The AJT welcomes your letters. If you would like your letter to be published, please write 200 words or less, and send it to editor@atljewishtimes.com.

Letter to the Editor:

For your consideration I submit the following brief essay describing the recent funeral [Jan. 6] of Leon Asner (z”l) at Greenwood Cemetery and the way it reflects the greatness of the Jewish people at large and the Atlanta Jewish community specifically.

Yesterday I witnessed the glory, the eternal life, of the Jewish people. Not at a rally or a march. There were no journalists or politicians, no striving of any kind. No one sought to cure anti-Semitism or get donations or convince people to move to Israel. There was no hashtag.
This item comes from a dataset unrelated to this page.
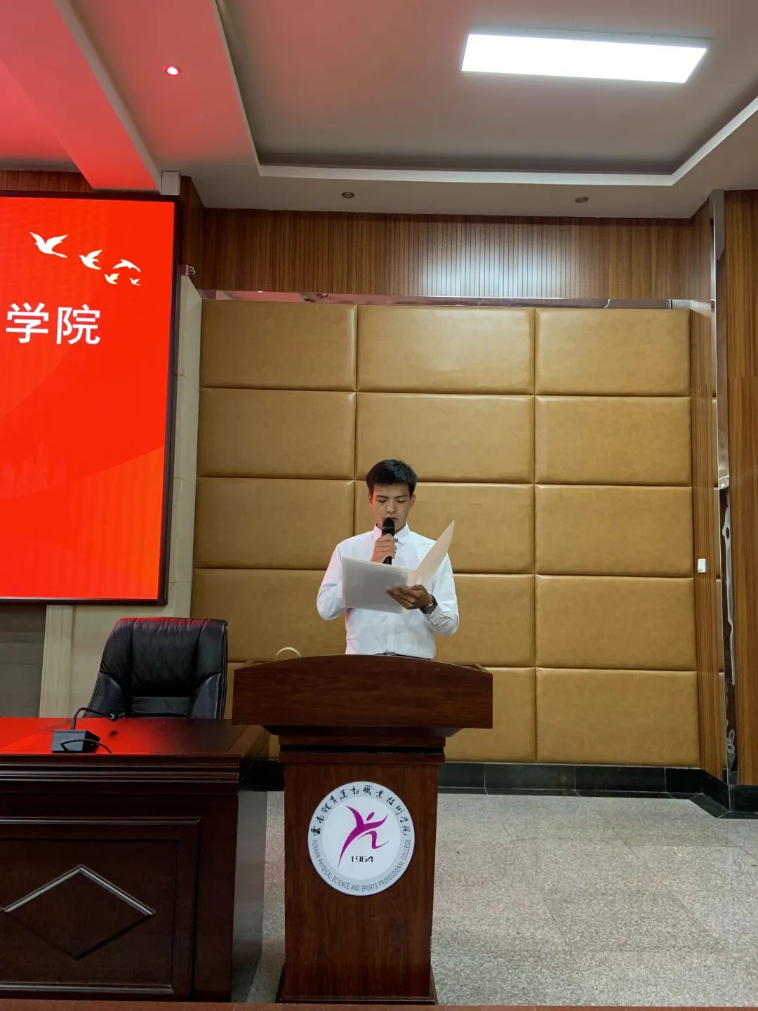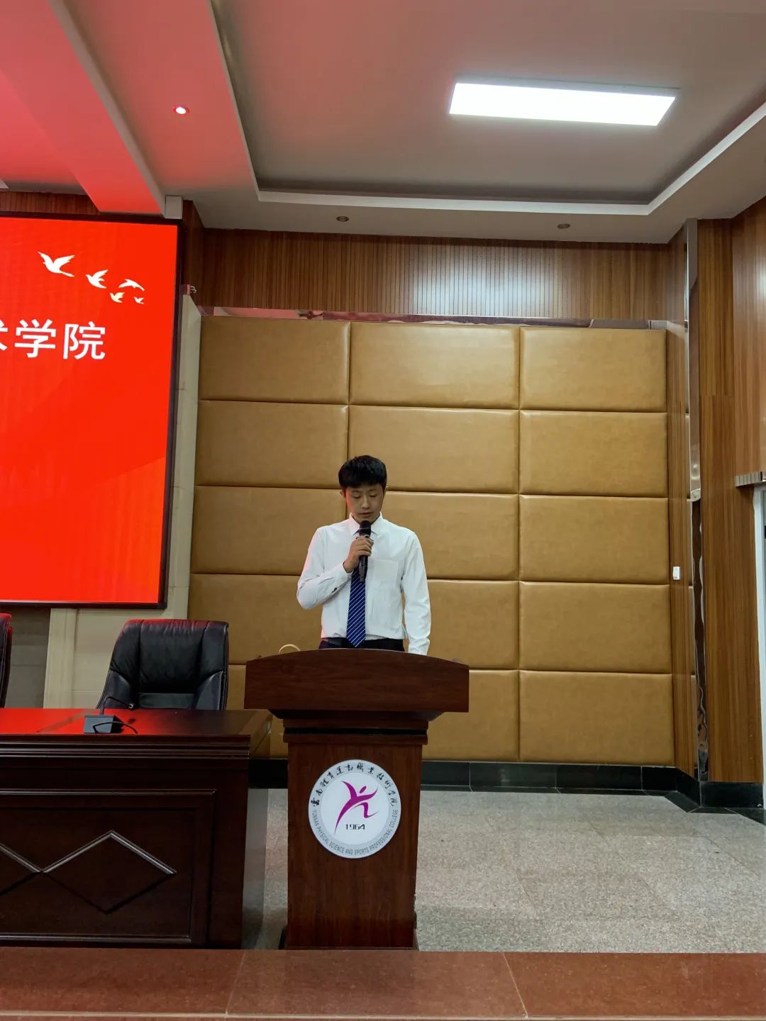 本次述职大会根据《YABO鸭脖官网学生会工作人员述职评议办法》开展,校学生会主席团成员,宣传部、体育部、文艺部、生活部、学习部、办公室部六个部门的19名同学依次上台进行述职演讲。

Leon Asner was a Holocaust survivor, an ex-tailor “to the stars” who passed from this world with no living relatives. He was eulogized by his friends and social workers. They recounted his final wishes: 1) Not to die alone. 2) Not to die in pain. 3) To be buried as a Jew, in the Orthodox tradition.

It began to dawn on me that the Jewish people are remarkable once the call went out on Facebook and WhatsApp for 10 men in the Atlanta area to make a minyan at the Greenwood Cemetery at 10 a.m. this Monday. I not only read this message on my own Facebook account. It was sent to me by friends in Philadelphia and Jerusalem. “You’re in Atlanta! Can you go?”
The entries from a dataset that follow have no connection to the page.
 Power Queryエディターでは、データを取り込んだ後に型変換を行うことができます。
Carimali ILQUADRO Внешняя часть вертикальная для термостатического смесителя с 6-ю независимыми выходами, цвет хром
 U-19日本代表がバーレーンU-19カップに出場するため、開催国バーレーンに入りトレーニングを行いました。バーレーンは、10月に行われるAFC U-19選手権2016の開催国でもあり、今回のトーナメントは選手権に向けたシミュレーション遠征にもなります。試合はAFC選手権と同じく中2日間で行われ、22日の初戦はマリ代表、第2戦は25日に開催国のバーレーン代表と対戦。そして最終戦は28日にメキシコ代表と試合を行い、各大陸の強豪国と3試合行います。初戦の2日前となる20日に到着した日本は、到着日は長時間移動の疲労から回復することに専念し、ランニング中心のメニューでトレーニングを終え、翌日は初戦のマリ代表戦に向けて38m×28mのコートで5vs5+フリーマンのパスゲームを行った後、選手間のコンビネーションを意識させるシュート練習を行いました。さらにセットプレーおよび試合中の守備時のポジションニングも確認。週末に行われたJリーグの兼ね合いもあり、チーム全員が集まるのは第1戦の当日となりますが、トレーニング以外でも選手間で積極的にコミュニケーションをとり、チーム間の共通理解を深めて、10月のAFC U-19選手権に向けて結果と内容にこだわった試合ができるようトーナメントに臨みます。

I had never been to Greenwood Cemetery before, but the name was apt. Its departed rest in sprawling fields dotted with gnarled, lonely, white-barked sentinels, naked in the January breeze. The grounds bear that silence that hangs over hallowed ground, the one that seems to pull at the feet, asking them to shuffle rather than stride. And all around in every direction, a barrier against the living residences, the green woods of Georgia.

This is the glory of the Jewish people: There were not 10 Jews present to carry Leon, Leibel ben Reuven, to his final resting place. There were 80.
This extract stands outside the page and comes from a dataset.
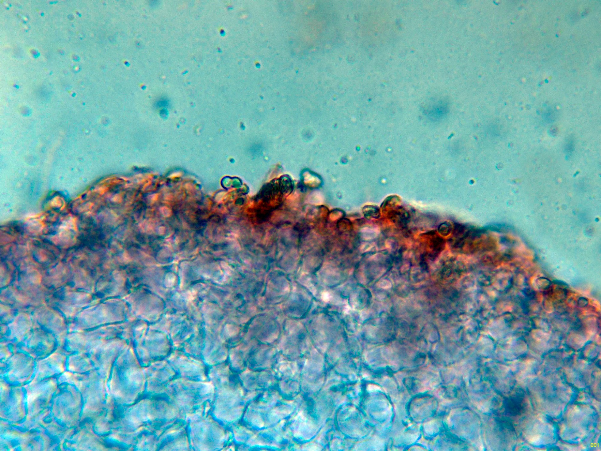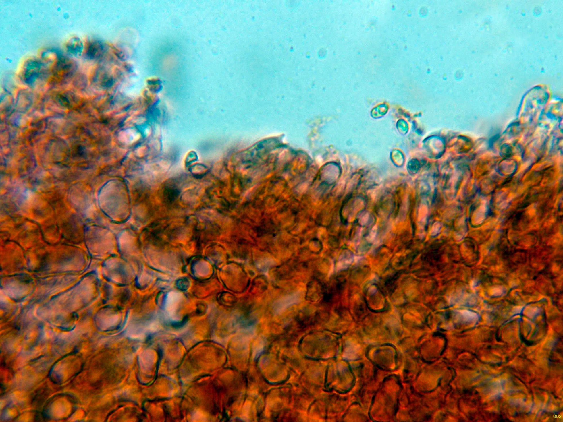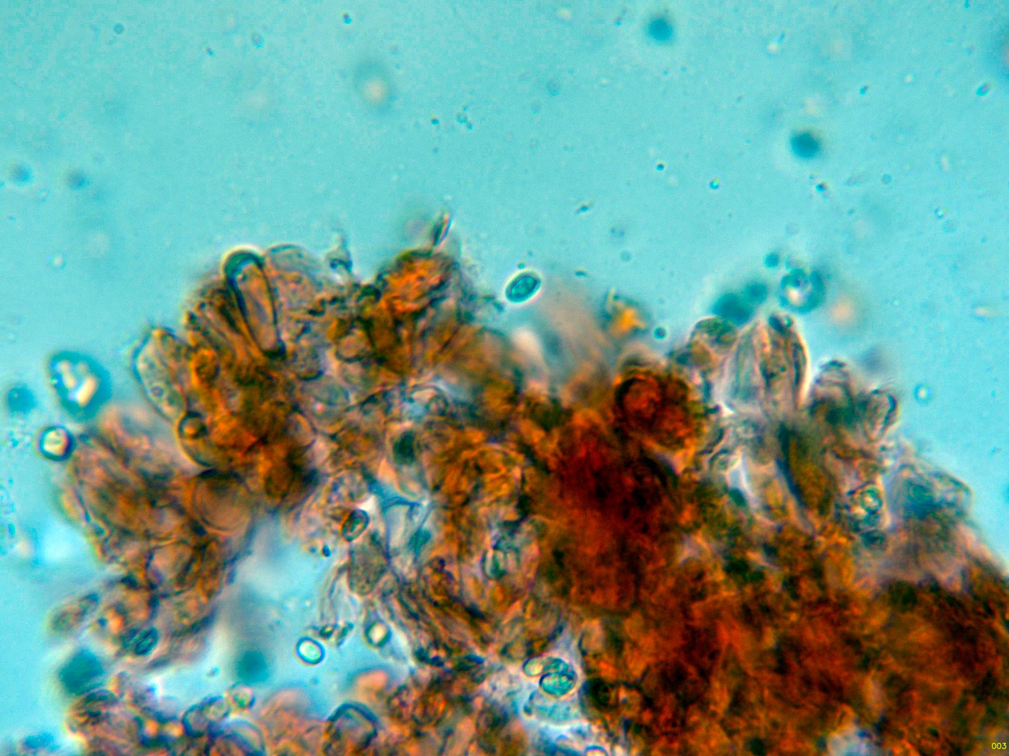 En este estudio me quedan algunas dudas por la morfología de la pileipellis, entiendo que en mis muestras al ejercer demasiada presión eclosionaron y aunque apunta a la Echinoderma carinii propuesta, no pude observar con claridad sus características, por lo que no descarto probar de nuevo en el futuro con el exsiccata, de ahí lo de "cf".

This is the glory of the Jewish people: No one came because they were socially compelled, because of their alignment with a cause, because they were afraid or because they were proud.

This is the glory of the Jewish people: There was no one synagogue represented, no trite labels that could capture the crowd, not Orthodox or Reform, not Chasidic or Mitnagdic, not religious or secular.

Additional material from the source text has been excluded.